Another artist I recently found is DeZarc. She's still working on her style, but I love her toony style so far. Her poses can be dynamic and she is pretty good at faces. I always love the expressions on her drawings and I also like that her legs are always consistent unlike mine.

Examples:


----------



## davimink (Oct 5, 2011)

aseities

tragelaphus

veramundis


----------



## Neuron (Oct 7, 2011)

davimink said:


> aseities
> 
> tragelaphus
> 
> veramundis


Very nice! But I would like discussion as to why these are good artists, if everyone does not mind.

Next I'm going to feature an artist that I'm not sure is on DA or FA, but his name is Aaron Neathery and he currently publishes a comic on GoComics.com called Endtown. I don't want to give you any spoilers about this comic, but it is about a post-apocalyptic future where a mutagen turns humans into animal people or blood thirsty monsters. The animal mutants and humans immune to the mutagen (that is considered a mutation) live underground in Endtown, while the unmutated humans live above as the dreaded Topsiders. The story is amazing, he is an artist visually and as one of the most incredible story tellers I've ever seen. He can say so much while having put no dialogue in his comic whatsoever.

His comics tug at your heart strings, question very morally challenging situations, and present definitions of what it means to be human. I also am very intrigued that while many furry comic artists would have put the mutations into animal people in a positive light, he does not do such an unrealistic thing. Many of his characters struggle with their mutations and must learn to accept their new forms by means of deep, psychological searching and reflection.

His artwork is a very intense noir style, black and white but full of complex expression, motion, and dynamic interactions between characters. He can draw things as amazing as an upside down city crumbling into dust, to auditoriums full of all kinds of different animal people, to intense gunfights between monsters and topsiders. His artwork knows no bounds, and it serves to show us that intense drama can play out in a space of 4 panels. He's absolutely incredible.

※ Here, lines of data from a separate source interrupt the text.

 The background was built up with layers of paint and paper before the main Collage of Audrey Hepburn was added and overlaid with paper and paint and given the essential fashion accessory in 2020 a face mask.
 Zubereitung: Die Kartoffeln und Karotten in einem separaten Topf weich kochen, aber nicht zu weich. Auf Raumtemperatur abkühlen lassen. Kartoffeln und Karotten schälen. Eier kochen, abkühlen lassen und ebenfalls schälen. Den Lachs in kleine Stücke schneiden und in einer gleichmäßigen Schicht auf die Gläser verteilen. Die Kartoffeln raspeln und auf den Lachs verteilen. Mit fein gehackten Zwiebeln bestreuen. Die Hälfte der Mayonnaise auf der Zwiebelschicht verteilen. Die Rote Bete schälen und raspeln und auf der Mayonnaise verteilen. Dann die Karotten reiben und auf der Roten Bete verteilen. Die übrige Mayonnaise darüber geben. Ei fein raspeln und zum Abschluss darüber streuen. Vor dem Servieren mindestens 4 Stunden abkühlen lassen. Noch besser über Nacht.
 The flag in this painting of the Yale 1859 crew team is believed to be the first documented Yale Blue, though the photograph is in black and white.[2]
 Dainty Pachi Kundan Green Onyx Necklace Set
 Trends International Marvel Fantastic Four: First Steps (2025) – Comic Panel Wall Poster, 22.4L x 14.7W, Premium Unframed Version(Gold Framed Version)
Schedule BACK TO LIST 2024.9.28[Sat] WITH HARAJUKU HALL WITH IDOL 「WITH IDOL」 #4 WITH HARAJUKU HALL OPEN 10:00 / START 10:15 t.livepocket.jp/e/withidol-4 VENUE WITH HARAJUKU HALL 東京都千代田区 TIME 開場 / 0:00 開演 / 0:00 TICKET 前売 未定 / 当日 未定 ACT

If you would like to read this comic from the beginning, please go here


----------



## Deo (Oct 7, 2011)

*STIGMATA*










*
GALGARD
*





*Louvelex*





*VRASS*





*LUPESILVERWIND
*








*
PsuedoManitou*


----------



## Deo (Oct 8, 2011)

I love "finding" new artists that are good, or remembering those whom I forgot. So can we get this thread up and running folks?

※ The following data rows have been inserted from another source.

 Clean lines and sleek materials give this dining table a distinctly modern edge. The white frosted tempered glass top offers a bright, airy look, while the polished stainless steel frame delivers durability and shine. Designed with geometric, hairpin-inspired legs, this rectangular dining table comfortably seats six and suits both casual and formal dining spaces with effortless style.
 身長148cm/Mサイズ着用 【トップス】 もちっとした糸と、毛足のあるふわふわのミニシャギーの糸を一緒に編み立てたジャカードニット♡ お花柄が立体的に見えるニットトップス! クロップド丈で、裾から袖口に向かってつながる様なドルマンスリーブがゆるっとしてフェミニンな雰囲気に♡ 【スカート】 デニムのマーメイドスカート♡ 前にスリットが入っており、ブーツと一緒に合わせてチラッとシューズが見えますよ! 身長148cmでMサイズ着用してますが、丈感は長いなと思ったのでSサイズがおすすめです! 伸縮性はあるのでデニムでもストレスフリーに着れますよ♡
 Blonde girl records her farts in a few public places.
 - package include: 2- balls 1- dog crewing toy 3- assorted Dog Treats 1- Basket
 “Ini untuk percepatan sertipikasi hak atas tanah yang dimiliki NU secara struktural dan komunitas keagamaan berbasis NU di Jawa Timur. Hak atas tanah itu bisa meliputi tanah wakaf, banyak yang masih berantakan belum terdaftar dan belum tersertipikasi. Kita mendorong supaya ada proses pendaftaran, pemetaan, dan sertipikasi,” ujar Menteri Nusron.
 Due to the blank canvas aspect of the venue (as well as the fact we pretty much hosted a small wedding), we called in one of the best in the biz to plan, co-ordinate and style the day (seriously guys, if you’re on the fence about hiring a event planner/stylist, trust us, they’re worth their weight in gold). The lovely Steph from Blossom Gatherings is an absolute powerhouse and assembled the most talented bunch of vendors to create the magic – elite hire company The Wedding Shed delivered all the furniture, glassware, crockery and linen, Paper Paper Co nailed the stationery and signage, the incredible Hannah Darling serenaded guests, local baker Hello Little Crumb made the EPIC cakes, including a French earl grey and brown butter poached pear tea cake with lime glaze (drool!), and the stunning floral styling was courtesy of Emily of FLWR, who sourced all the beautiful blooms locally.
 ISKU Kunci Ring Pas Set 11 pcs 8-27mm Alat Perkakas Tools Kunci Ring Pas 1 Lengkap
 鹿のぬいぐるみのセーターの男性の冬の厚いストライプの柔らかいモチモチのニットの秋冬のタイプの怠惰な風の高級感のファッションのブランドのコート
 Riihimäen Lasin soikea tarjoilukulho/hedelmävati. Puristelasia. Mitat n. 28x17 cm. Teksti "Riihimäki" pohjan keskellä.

Raichul is someone I recently found, and her characters are really interesting and her style is free and fun









Metka04





Yinepu





Nathradas





YMXA





Pram





Seely





PAC





Whiteafi


----------



## Neuron (Oct 8, 2011)

I would personally like to thank Deo for contributing so many artists to this thread! Thank you Deo!

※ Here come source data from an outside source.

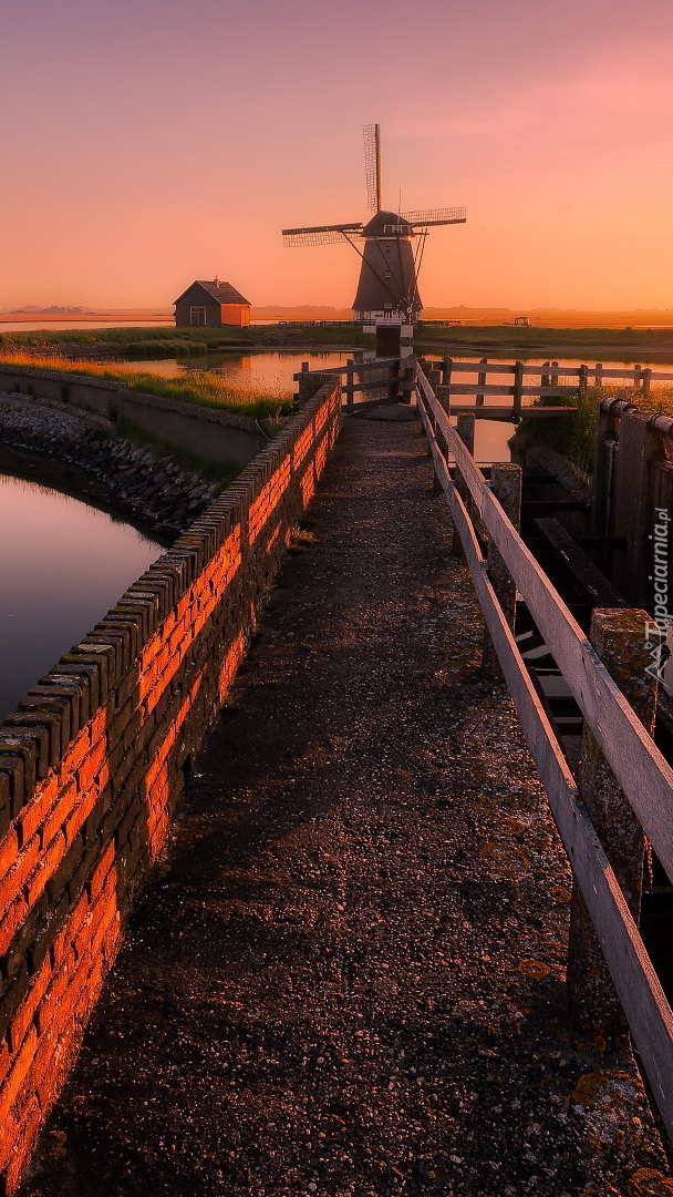 Edytor tapety: Most i wiatrak nad kanałem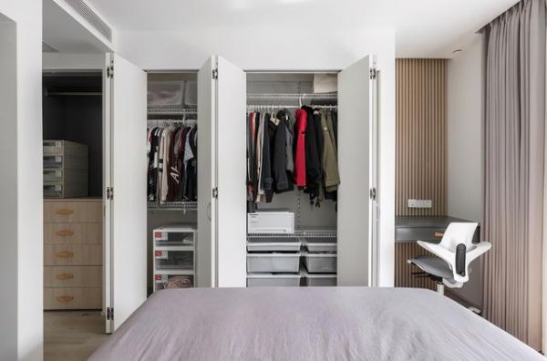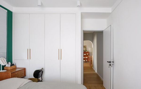 如果卧室的空间充足,衣柜柜门就选择推拉门,虽然推拉门、折叠门等都很好看,但是对五金的质量都要求非常高,还容易受损。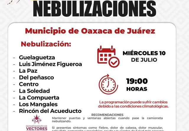 La programación de las nebulizaciones está sujeta a las condiciones climáticas, por lo que en caso de lluvia y fuertes vientos, la estrategia se reprogramará en las madrugadas, detalló durante el corte informativo de dengue que se transmite por la Corporación Oaxaqueña de Radio y Televisión (CORTV), la jefa del departamento de urgencias epidemiológicas y desastres, Adriana Jarquín González.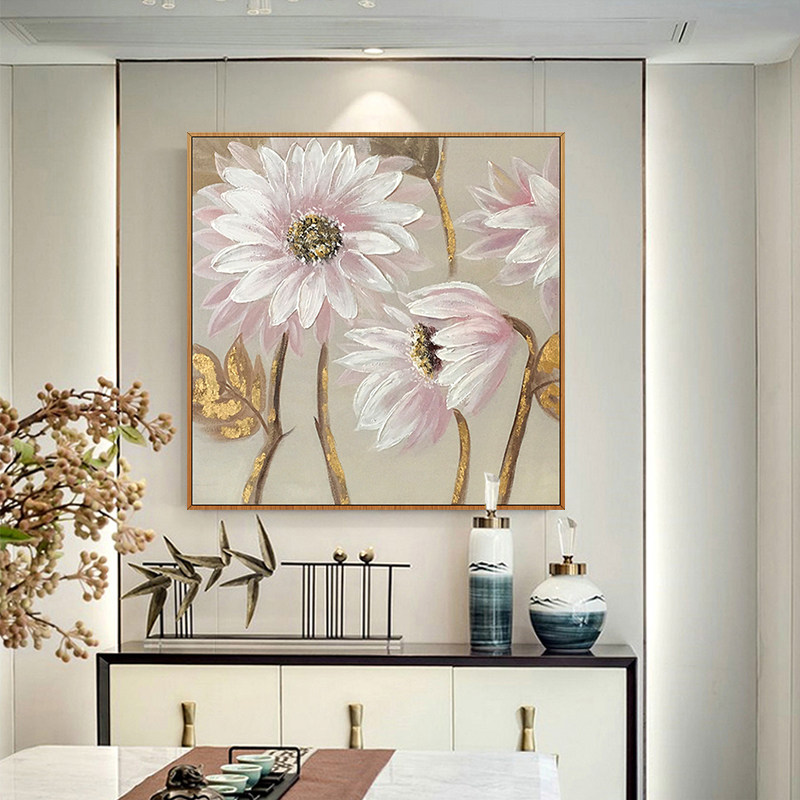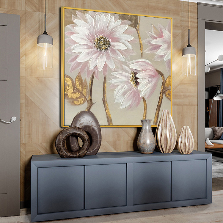 Hand-painted Oil Painting Pink Floral Drawing Room Sofa Decoration Painting Brief American Light Extravaganza BACKGROUND WALL HANGING PAINTING ON THE BACKGROUND WALL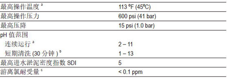 ● pH高于10條件下連續(xù)運(yùn)行的最高溫度為95°F(35°C),高于此溫度,請(qǐng)咨詢技術(shù)工程師獲取建議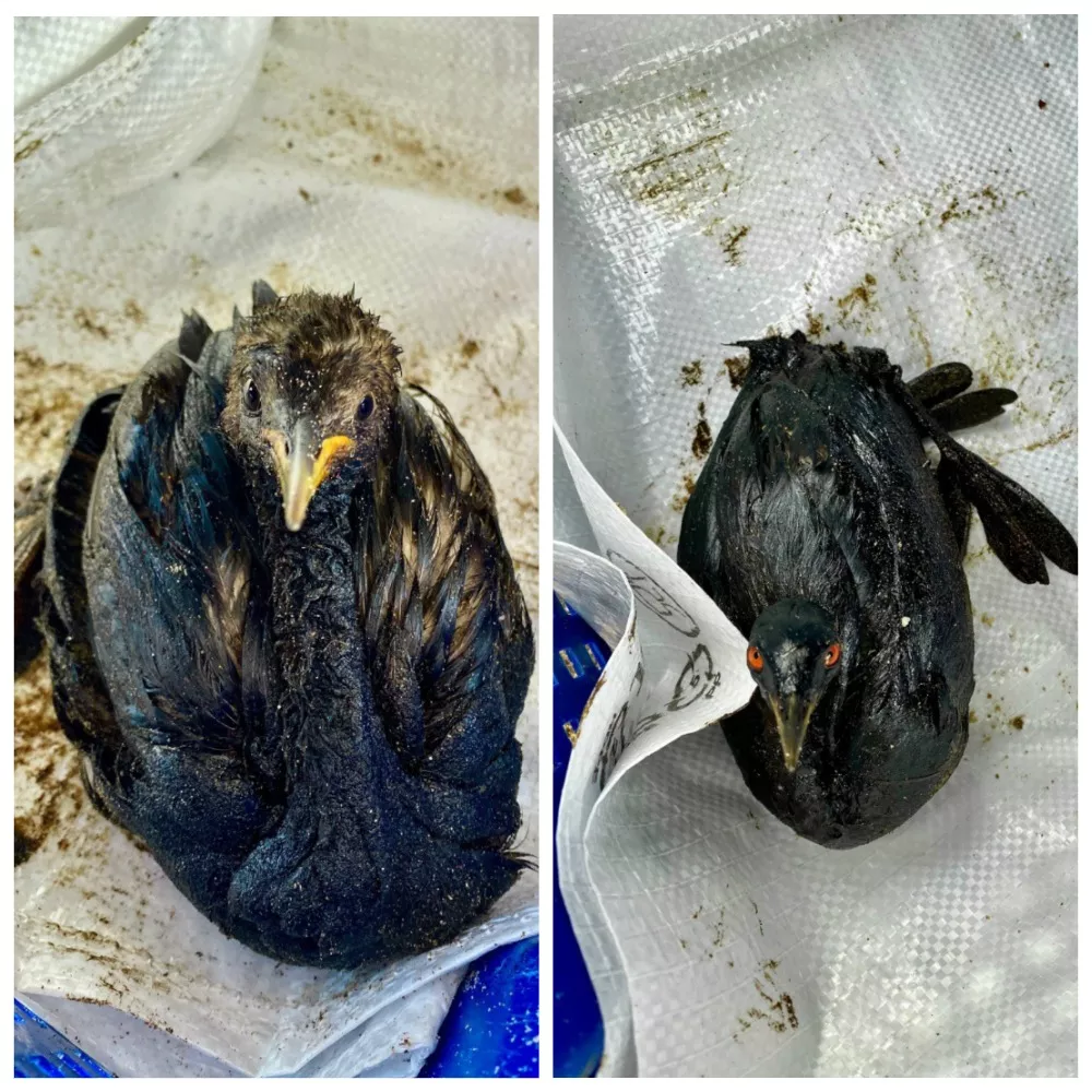 Помимо этого, в штаб поступили две замазученные птицы. Волонтеры заявили, что таких грязных особей они не встречали с апреля. Пострадавших птиц выхаживают в реабилитационном центре.

And now I would like to tell you about my friend Stereo

Stereo has amazing art, she draws incredible cartoony characters with dynamic, vivid coloring. God her COLORING. Her pictures are vibrant, full of personality and motion, and she never fails to please the eyes.


----------



## kitsunekoneko (Oct 23, 2011)

miri and nekomonaka, definitely!

Both of them have a nice, distinctive style that is so cute and squishy-looking XD Nekomonaka has some of the best texture use and their toning is excellent.
Miri is so good at painting and limiting the tools they use, I am so jealous of both of their skills |D


----------



## UnburntDaenerys (Oct 27, 2011)

Well, I'm new here and don't watch many people yet, but here are some I found not in this thread:

Blizzardful
Lovely painterly style, muted colors.

nayoko_Ventila
Makes sculptures and dolls, also has a really adorable 'sona.

Quirachen
Really gorgeous stuff, love her fur.  I have no idea how she has so few pageviews.

Sugarfueld
All kinds of weird and interesting characters.

Yumesanme
Beautiful icons.

jazzycat
Her "35-minute doodles" put my hours of work to shame.  The coloring is amazing.

sarah-grey
Tea-dipped artwork.


----------